Hmm, works for me, try.....

http://tinyurl.com/ya7uras

Pete


----------



## cronkle

Both links work for me.


----------



## Morphology

Great set of points, with useful comments!



peejay said:


> I was going to attach a .kml doc of the map for maps.me but for some reason won't let me do it.
> 
> Just PM me if you would like a copy :wink:
> 
> Pete


You can download the POIs as a KML direct from Google Maps - just click on the 3 vertical dots icon in the Red menu banner, and select Download KML.

Morph


----------



## peejay

Morphology said:


> Great set of points, with useful comments!
> 
> You can download the POIs as a KML direct from Google Maps - just click on the 3 vertical dots icon in the Red menu banner, and select Download KML.
> 
> Morph


Thanks, what I mean't was I've downloaded the KML doc from google maps no problem.

It's this website that won't let me attach a KML doc to a post as its not on their recognised file list. :frown2:

Pete


----------



## Glandwr

How do you want the feedback Pete? By PM? 

Dick


----------



## Jmdarr

Second one works


----------



## peejay

Glandwr said:


> How do you want the feedback Pete? By PM?
> 
> Dick


Hi Dick, by PM would be great, thanks.

Pete


----------



## Morphology

peejay said:


> Thanks, what I mean't was I've downloaded the KML doc from google maps no problem.
> 
> It's this website that won't let me attach a KML doc to a post as its not on their recognised file list. :frown2:
> 
> Pete


Yes, I realise that, and have tried and failed to attach various files in the past too.

What I perhaps should have said was: there's no need to attach the KML to your post because anyone who wants it can download it directly from Google.

sorry for the misunderstanding.

Morph


----------



## peejay

I'm getting loads of emails from people requesting access to the map, if anyone on facts is trying to use it, apologies but I have switched it off to do a big update on return from a recent trip out there.
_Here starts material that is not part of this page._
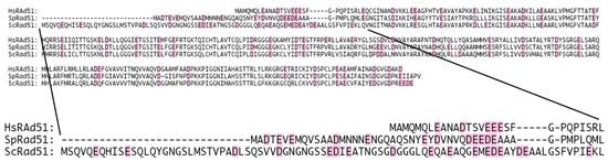 Cluster of negatively charged amino acid residues at N-terminal of HsRad51. Amino acid sequence of HsRad51 is compared with amino acide sequence of SpRad51 and ScRad51. Negatively charged residues are indicated in magenta.

If I get my finger out it should be on again at the end of the week. :thumbleft:


Pete


----------



## peejay

Update all done and map is now back on line if anyone is interested. :thumbright:


Pete


----------



## GMJ

peejay said:


> Update all done and map is now back on line if anyone is interested. :thumbright:
> 
> Pete


Pete - we have no immediate plans to go to Greece but I have to say your map is a great piece of kit. Thanks for sharing that









Graham :smile2:


----------



## damonstuart

Do you wild camp or stay on site? If on site what is an average charge per night? Thanks.
Stuart


----------



## peejay

damonstuart said:


> Do you wild camp or stay on site? If on site what is an average charge per night? Thanks.
> Stuart


Hiya,

We wild camp nearly all of the time, hence the map, or sometimes have a meal at a tavern if the surroundings are nice and ask if we can stay the night, never been refused yet.
We haven't used a Greek campsite for several years now so sorry, not really up to speed on their campsite prices.

Pete


----------



## damonstuart

I am a wild camper myself but never visited Greece. Your map is brilliant. 
Trouble is when I am travelling I have no Internet to view it.
Do you have a spreadsheet or a word document that could be downloaded so I could print the locations?
If not I will trawl through the map and write the places down.
Once again thanks for the information.


----------



## peejay

damonstuart said:


> I am a wild camper myself but never visited Greece. Your map is brilliant.
> Trouble is when I am travelling I have no Internet to view it.
> Do you have a spreadsheet or a word document that could be downloaded so I could print the locations?
> If not I will trawl through the map and write the places down.
> Once again thanks for the information.


Thanks. That is one of the downside I suppose. I haven't compiled any spreadsheets or docs, it would be too time consuming for me to keep all three up to date.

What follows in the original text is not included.